1- I own an object called Imagecolor, as code below:

public class ColorImage {

    private int RedColor;
    private int GreenColor;
    private int BlueColor;
    private int Id;
    private String Nome;

   //Getters e Setters
}

2 - My table in the bank is like this:

inserir a descrição da imagem aqui

I want to make a SELECT and return the values of RED, GREEN and BLUE.

my method that makes SELECT and returns an object of type Imagecolor and that:

public ColorImage SelectedColor(String nome){

    ColorImage color = new ColorImage();

    String selectQuery = "SELECT red, green, blue FROM COLOR WHERE nome =" + nome;

    SQLiteDatabase banco = this.getWritableDatabase();

    Cursor cursor = banco.rawQuery(selectQuery, null);

    color.setRedColor(cursor.getInt(0));
    color.setGreenColor(cursor.getInt(1));
    color.setBlueColor(cursor.getInt(2));

    return color;
}

But it’s not working, I don’t know what’s wrong. Someone knows what’s wrong?

java android sqlite

  • Does not return value, do not know what is wrong.

1 answer

7


Constructing dynamic SQL commands with concatenation does not always produce the expected/valid result.

In this case, the applications are missing. They are necessary when using a string as value. The correct form will be thus:

String selectQuery = "SELECT red, green, blue FROM COLOR WHERE nome = " + "'" + nome + "'";

To avoid this type of errors the indicated is to use placeholders to receive the dynamic parts and provide the values to be used separately. The method will ensure that the values are correctly assigned to the placeholders.

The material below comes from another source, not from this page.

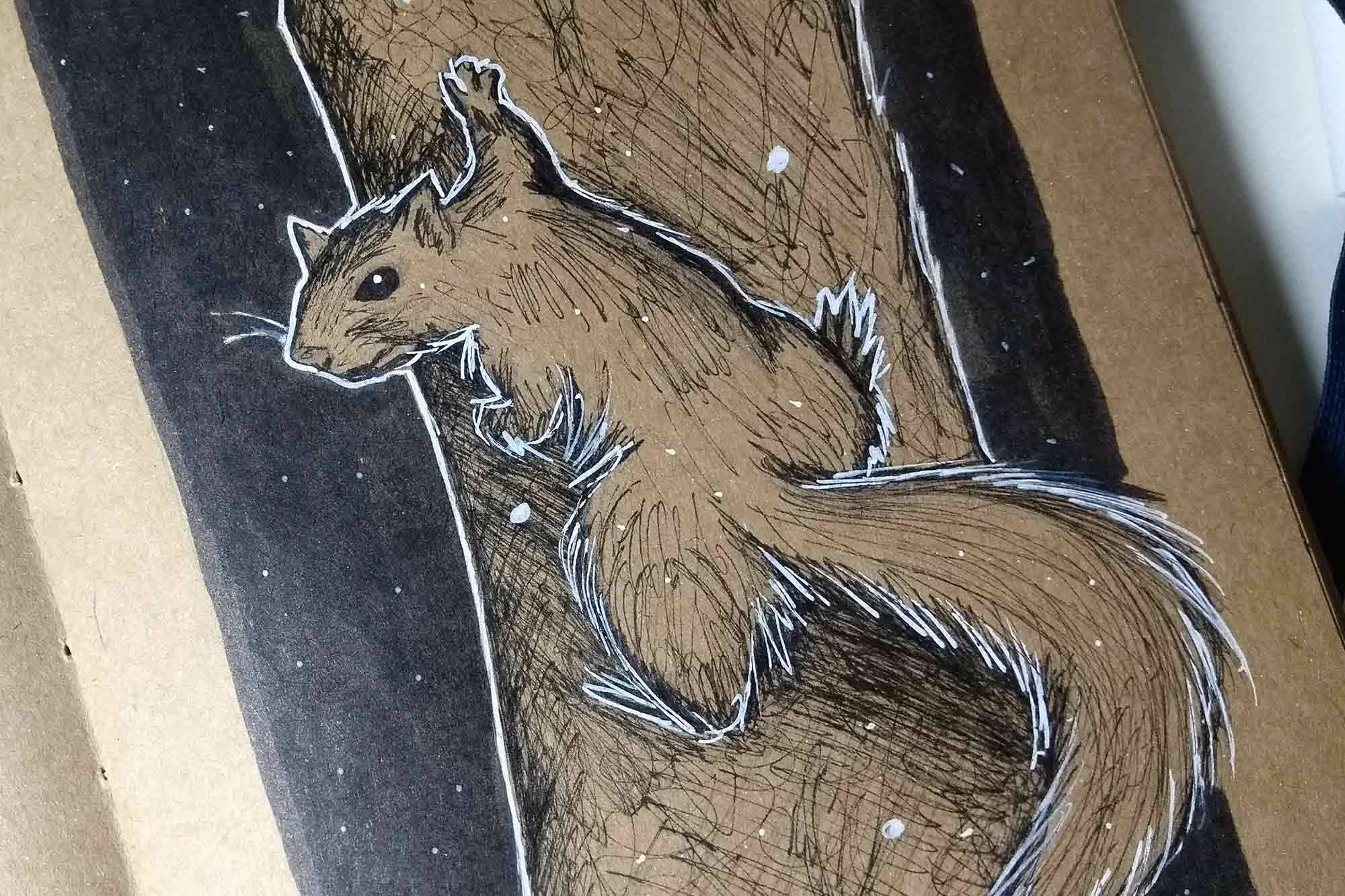 Dia 27, Climb (escalar). Um esquilo subindo uma árvore. Desenho em nanquim branco e preto também. Gosto muito de simplesmente "desenhar", sabe? Soltar a mão, criar sketches sem me preocupar se a linha está torta, ou isso ou aquilo. Pensar assim tem me ajudado muito a desenvolver meu estilo.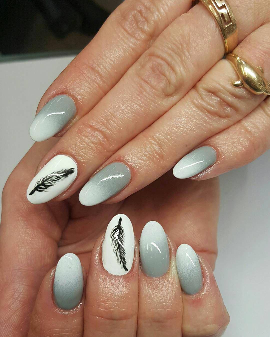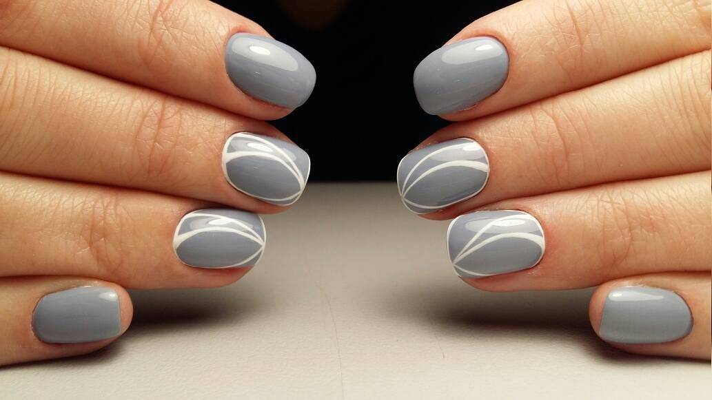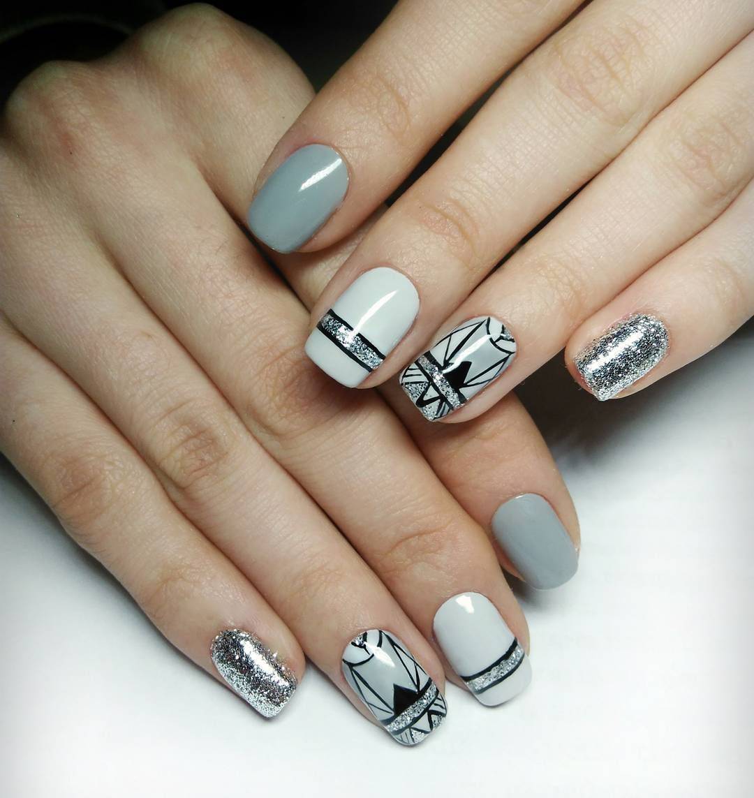 Самым популярным дизайном маникюра в осенний и зимний период считается твид. Он имеет общее сходство с вязаным маникюром. Оба они великолепно сочетаются с серыми оттенками лакового покрытия. Для выполнения твидового маникюра берутся черные, серые и белые лаки. Сам узор не имеет сложностей. В его основу входят простые линии различных размеров, которые наносят на кончик ноготка.

String selectQuery = "SELECT red, green, blue FROM COLOR WHERE nome = ?";
...
...
Cursor cursor = db.rawQuery(selectQuery, new String[] { nome });

Don’t forget to call cursor.moveToFirst() before using the cursor.

public ColorImage SelectedColor(String nome){

    ColorImage color = new ColorImage();

    String selectQuery = "SELECT red, green, blue FROM COLOR WHERE nome = ?";

    SQLiteDatabase banco = this.getWritableDatabase();

    Cursor cursor = db.rawQuery(selectQuery, new String[] { nome });
    if(cursor.moveToFirst()){
        color.setRedColor(cursor.getInt(0));
        color.setGreenColor(cursor.getInt(1));
        color.setBlueColor(cursor.getInt(2));
    }
    cursor.close();

    return color;
}

Even better to use one of the methods query()

Cursor query(String table, 
             String[] columns, 
             String selection, 
             String[] selectionArgs, 
             String groupBy, 
             String having, 
             String orderBy)

In your case it would look like this:

Cursor query("COLOR", 
             new String[]{"red", "green", "blue"}, 
             String "nome = ?", 
             new String[]{nome}, 
             null, 
             null, 
             null);

  • thanks for your reply. I did exactly as you said, but the App closes by error

  • And what’s the mistake?

  • I managed to fix the error, but it always returns zero to any color I look for. It does not enter the if( cursor.moveToFirst() )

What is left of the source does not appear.